- Task prompt:
The full listing, exactly as written and with no images, is the expected output.

- Data shown:
....

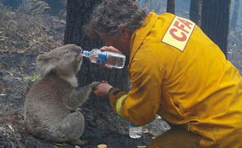 善待動物組織亞太分部14日宣布,他們將向拯救樹袋熊的消防員大衛·特里頒發獎章,以表揚其善行。特里在參與協助維多利亞州山火救援行動時,在距離墨爾本約150公里處的一片焦黑的森林中,發現一只受傷的樹袋熊,特里悉心照顧樹袋熊并喂它喝水。這一感人的場面被攝入鏡頭,后被媒體廣泛采用,引起了人們的關注。
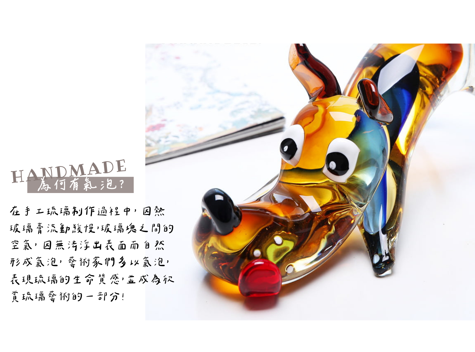 手工熔鑄出晶透琉璃,匠人打造出一隻隻俏皮生動的狗狗擺飾,以特殊工藝融入多種顏色,並經過幾十道繁複工序後完成,能在燈光下綻放出金燦燦的琥珀色,吐舌趴地的狗狗,透過螢幕也能感受到的超萌模樣融化眾人的心!
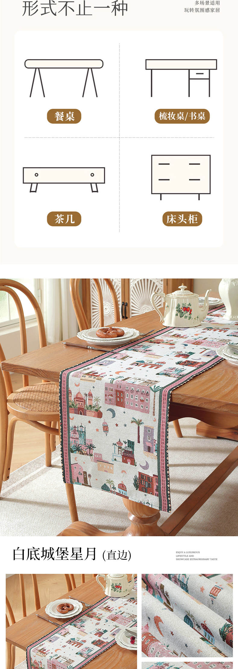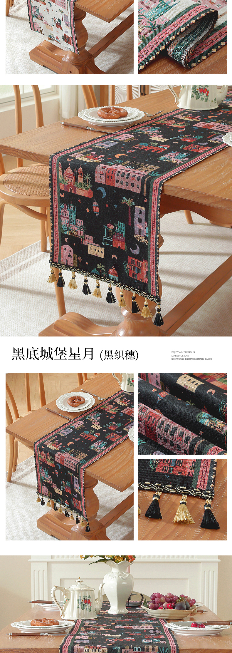 当前位置: 91家纺网 > 商品网购 > 居家布艺 > 餐桌布 > 南通大梧纺织 2026新款中东复古骆驼城堡窗花桌旗 黑底城堡星月(直边)

....

- Your response:
 善待動物組織亞太分部14日宣布,他們將向拯救樹袋熊的消防員大衛·特里頒發獎章,以表揚其善行。特里在參與協助維多利亞州山火救援行動時,在距離墨爾本約150公里處的一片焦黑的森林中,發現一只受傷的樹袋熊,特里悉心照顧樹袋熊并喂它喝水。這一感人的場面被攝入鏡頭,后被媒體廣泛采用,引起了人們的關注。
 手工熔鑄出晶透琉璃,匠人打造出一隻隻俏皮生動的狗狗擺飾,以特殊工藝融入多種顏色,並經過幾十道繁複工序後完成,能在燈光下綻放出金燦燦的琥珀色,吐舌趴地的狗狗,透過螢幕也能感受到的超萌模樣融化眾人的心!
 当前位置: 91家纺网 > 商品网购 > 居家布艺 > 餐桌布 > 南通大梧纺织 2026新款中东复古骆驼城堡窗花桌旗 黑底城堡星月(直边)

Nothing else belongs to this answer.